Boris Johnson must resist the urge to build, build, build back the same

A response to Boris Johnson’s “Build Build Build” mantra

My (increasingly bushy) eyebrows raised somewhat last week when Boris Johnson stood in front of his podium with his latest three worder “build, build, build” and his promise to cut red tape around infrastructure – and raised even further when the chancellor promised to cut stamp duty during his economic statement delivered yesterday. 

It is clear that property and infrastructure are a key focus for the government currently when it comes to Covid-19 recovery.

Was this the progressive, forward-thinking “liberal Boris” we have heard so much about coming to the fore? I think not. His insistence that “the newt-counting delays in our system are a massive drag on the productivity and prosperity of this country” are typical of what we have come to expect of the Prime Minister, and could well end up serving nobody other than the more unscrupulous developers and investors.   

Boris Johnson’s enthusiasm to cut through red tape to speed up the process is dangerous and should concern us all. It is simply a byword for short-cuts to short-term profits, rather than a sustainable solution to the housing shortage.

Now is not the time to rush headlong into ill-conceived visions of buildings, amenities and networks springing up across the nation like knotweed, replicating and multiplying what we already had pre-Covid.
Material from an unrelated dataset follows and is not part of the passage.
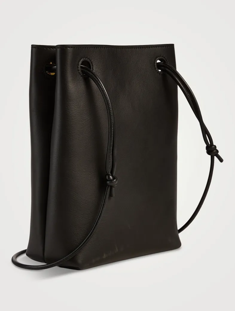 This slim pouch is crafted in smooth calfskin featuring a folded construction, a tubular strap, and a double signature Anagram Pebble. The interior has one pocket and a leather lining.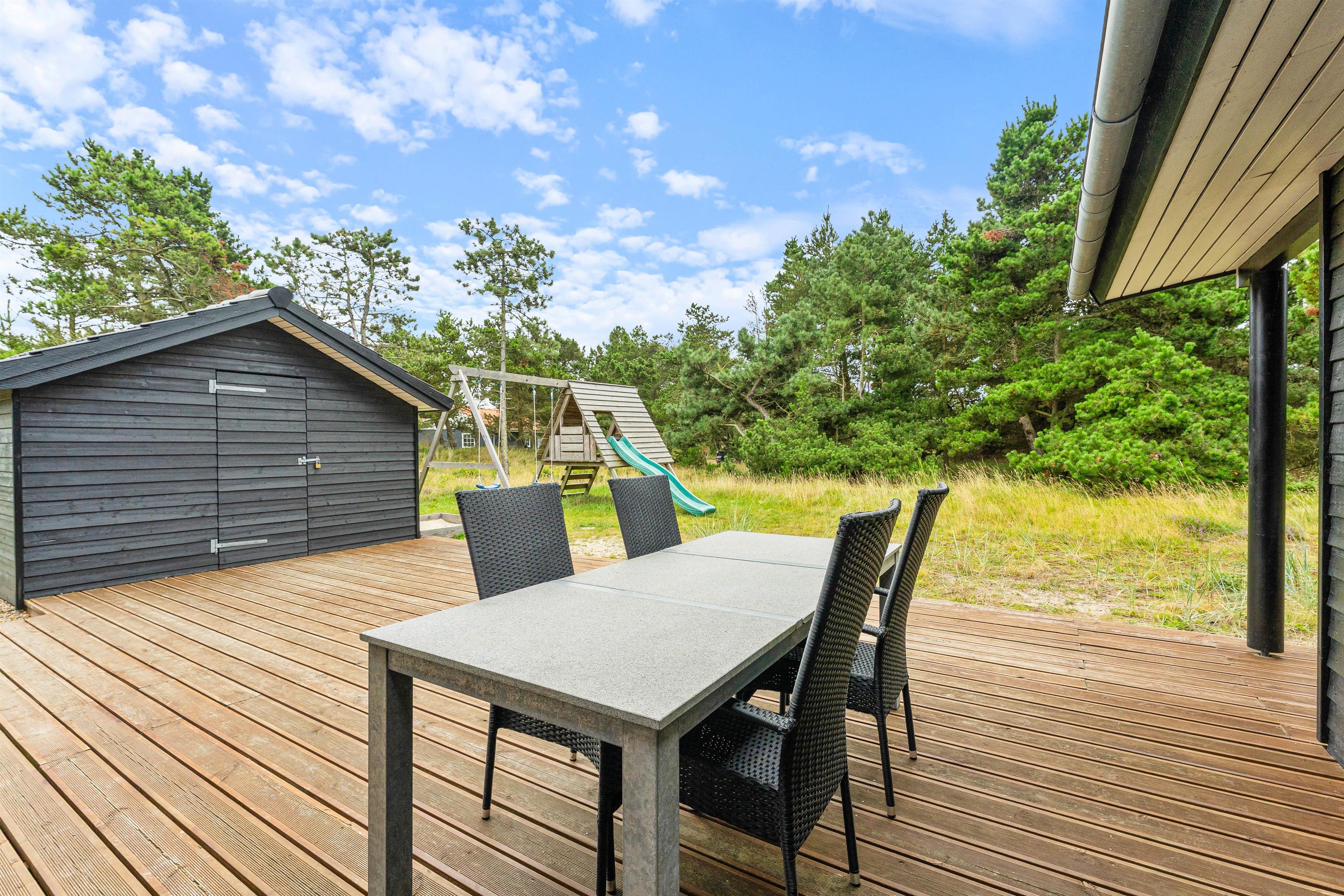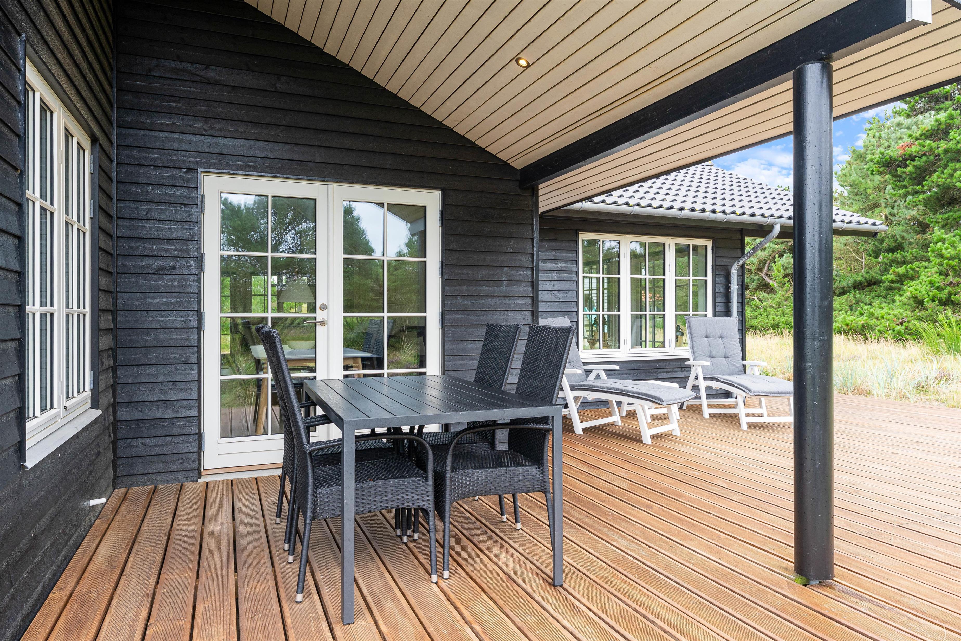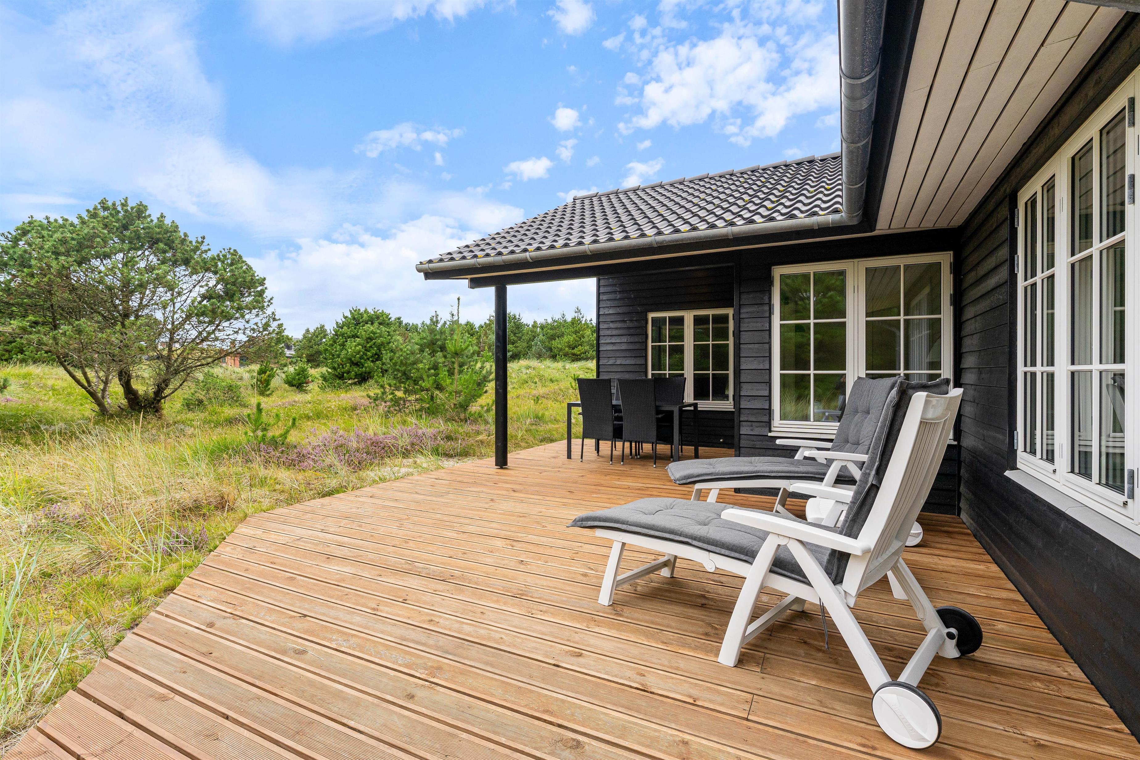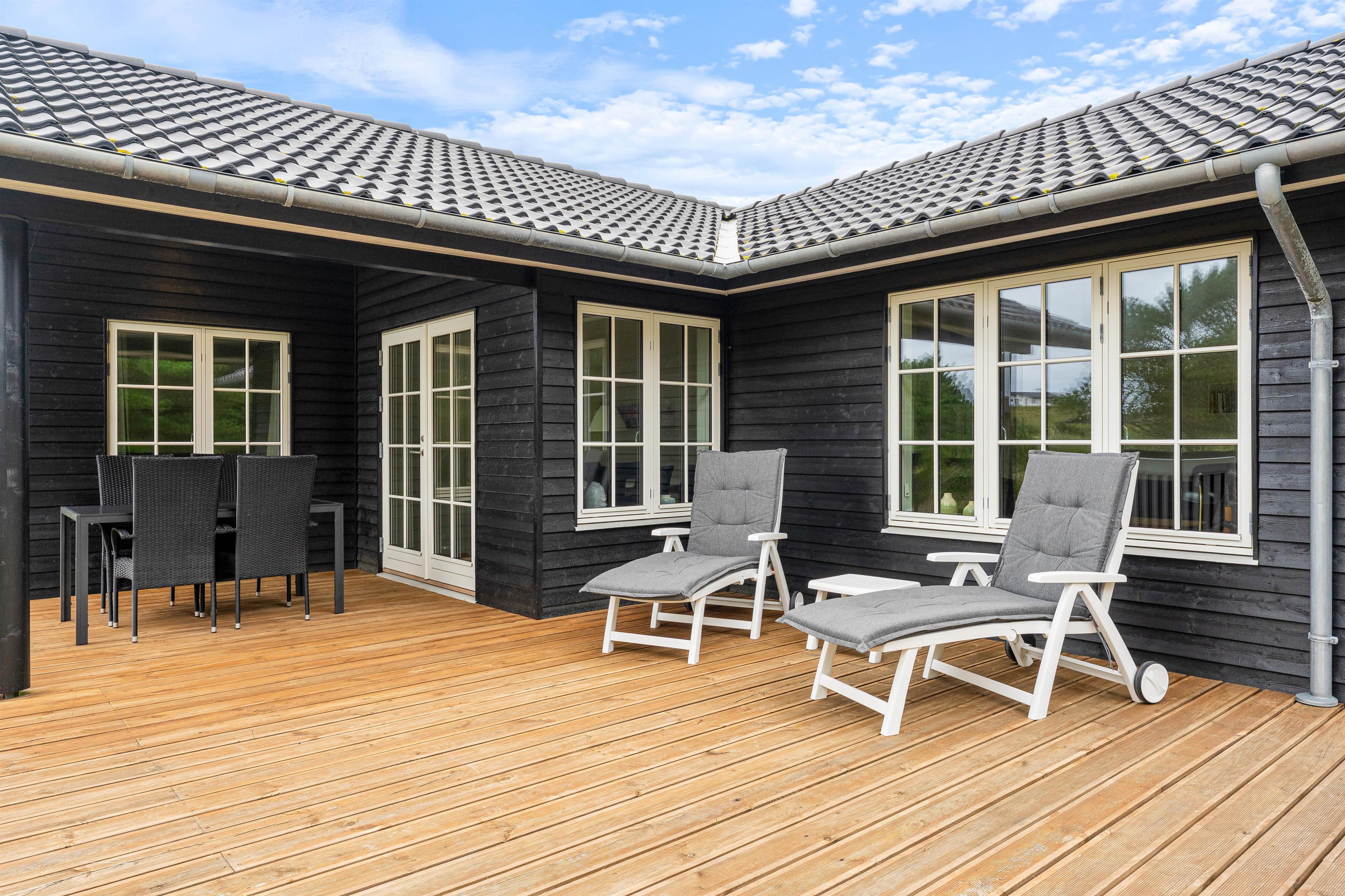 Fra stuen er der flere udgange til den store terrasse, som næsten omgiver hele huset. Her kan I rigtig nyde feriedagene og den naturskønne udsigt, mens I slapper af i liggestolene eller spiser frokost i solen rundt om havebordet.

First must come a considered planning phase, designing the future we need together.

When it comes to urban infrastructure, there are no easy answers to guide this recovery journey. However, the answer isn’t to create a planning free-for-all that creates yet more semi-isolated, car-dependent developments and makes a few landowners rich.

It is easy to see why the “build, build, build” policy might at first appear attractive, especially to young people. I am thinking of those who have had the joy of a lockdown played out in cramped shared accommodation with no space at all outside — some of whom have had enough of inner city living and are prepared to commute from the outskirts if it means they have decent space to live in and access to outside space. Doesn’t it seem wrong that we attract young talent to our financially thriving cities and then put them in rabbit hutches?

These thoughts take me back to my days at the Commission for Architecture and the Built Environment, when in 1999 Richard Rogers’ ‘Towards and Urban Renaissance’ became the planning mantra.

This was a common sense and sustainable approach to ensuring that our cities and transport nodes were densified to make best use of resources and ensure that shops and services benefited from this density.

However, for many developers it became an opportunity to  ‘cram cram cram’ people in, maximising returns. The planning system had too little clout and often lacked the skills to prevent the laudable aims of Towards an Urban Renaissance from being delivered. Instead, it often ended up with tiny newbuild apartments without outdoor space.

Now there is a risk of the same thing happening again, adding more tiny living spaces to the overly subdivided older properties that Covid-19 has proved are totally unsuitable for the wellbeing of so many.

We need to ensure we take the right lessons forward from the coronavirus pandemic as a society. We have to learn from the reduction in respiratory-related (Covid-19 excepting) illnesses resulting from decreased air pollution levels during lockdown. We have to learn that for many the only solace of the past few months has been to venture outside, walk, run, cycle, enjoy the sound of birdsong and to watch springs and summer unfold in real time. 

We surely have a duty to respond to the wellbeing issues that have been loudly trumpeted, resulting from cramped conditions and a lack of access to green spaces.

Intelligent and carefully thought-out infrastructure solutions are needed that don’t pander to the Nimbys but instead listen to environmentalists. Yes we need to act fast, but simply slashing red tape and allowing a culture of building purely to get people working is short-sighted short-termism bundled up with long-term self-harm.

Do we densify the suburbs and create 15 minute neighbourhoods? Do we build garden cities and do it properly? Could we rezone our towns and cities and create green spaces where there were once retail parks? There are radical and not so radical solutions out there.

This is not the time to build back the same. Rather, now is the time for developers, planners, environmentalists, pressure groups and young diverse voices to come together and plan, plan, plan.